Everything started when John and Anne tried to extend the Massachusetts Rule to cut some branches from their neighbors’ trees. The problem was that the trees and branches were both on the neighbors’ properties.

Then they built a fence. So far, so good, at least until the fence they built was on their neighbors’ property, too. The neighbors, Matt and Rachel Milcic, objected. After mediation, the Estes fence was removed.

Obviously, John and Anne were sore at having been upbraided for their brazen trespasses. So they rebuilt the fence, and on the Milcics’ side, painted in large block letters, “PULL YOUR WEEDS.”

“Hah!” You can imagine John and Anne giving each other high-fives at their in-your-face cattiness. They sure showed those jerk neighbors, who thought they were so cool that they could stop John and Anne from trespassing. Their snickers and winks lasted for one crowded hour of glorious fun.

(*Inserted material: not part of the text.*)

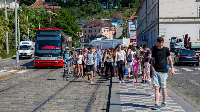 a to jak střetů chodců a automobilů, ale i automobilů a tramvají. Nepřehledný
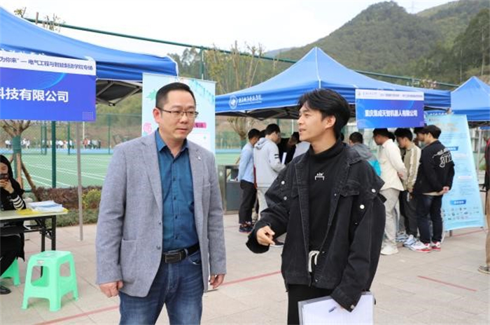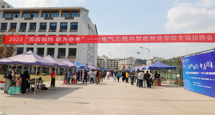 为深入学习贯彻党的二十大精神,落实党中央、国务院“稳就业”、“保就业”决策部署,拓宽毕业生就业渠道,为企业与毕业生搭建交流平台,3月30日下午,电气工程与智能制造学院携手学校大学生就业指导服务中心在三期综合实验楼广场举办“周四相约 职为你来”专场招聘会, 璧山区、武隆区等30家对口企业参加。电气工程与智能制造学院党总支副书记李晓飞,毕业生辅导员到现场对毕业生进行就业指导。

Maybe the neighbors really did need to weed. It’s hard to say. Certainly, Matt Milcic did some landscaping in response to the fence. After he had done so, and after he asked John to remove the sign, John said he might. But petulantly, he did not.

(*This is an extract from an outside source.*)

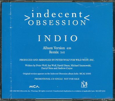 (If you see no auction listings above, clicking the Search button will search eBay Stores listings for the CD single in question.) Return to Main CD Singles List Indecent ObsessionIndio

Cute, John… at least until the Milcics sued. Then, John offered to paint out the words if the Milcics would drop the suit. But that horse had left the barn…

The Esteses’ conduct was brazen enough that the trial court granted the Milcics summary judgment. But then, the battle continued over damages. By the time the court was done, the Esteses’ cruel prank had cost them northward of $10,000.00. Not nearly what the Milcics wanted, the award nevertheless undoubtedly deterred the juvenile conduct.

You’d better find your checkbook, John. You and Anne enjoyed your crowded, glorious hour. The age without a name (but with a dollar sign) has now arrived.

Milcic v. Estes, 2018 Wash. App. LEXIS 1798 (Ct. App. Wash., Aug. 6, 2018). The Milcics and Estes are next-door neighbors. In 2013, the Estes cut branches off trees located on the Milcics’ property and began to build a fence along the parties’ common boundary.

When a dispute regarding fence encroachments arose, the parties submitted it to mediation. In April 2014, the parties executed a settlement agreement in which the Estes agreed, among other things, to remove both the excess dirt from the Milcics’ property and portions of fence footings that were visible above ground.

In July 2014, the Estes painted the words “PULL YOUR WEEDS!” in white, 10-inch block letters on the Milcics’ side of the Estes’ fence. The Milcics threatened a lawsuit unless the Esteses removed the sign. The words remained, and the Milcics sued.

The Milcics’ complaint alleged private nuisance, trespass, timber trespass, spite fence, quiet title and damages to land and property. Shortly after the Milcics filed, the Estes offered to remove the painted message if the Milcics dismissed their complaint. The Milcics rejected the offer, telling the Estes, “If you were willing to do so voluntarily… you could have removed the sign at any time for the past nine months.”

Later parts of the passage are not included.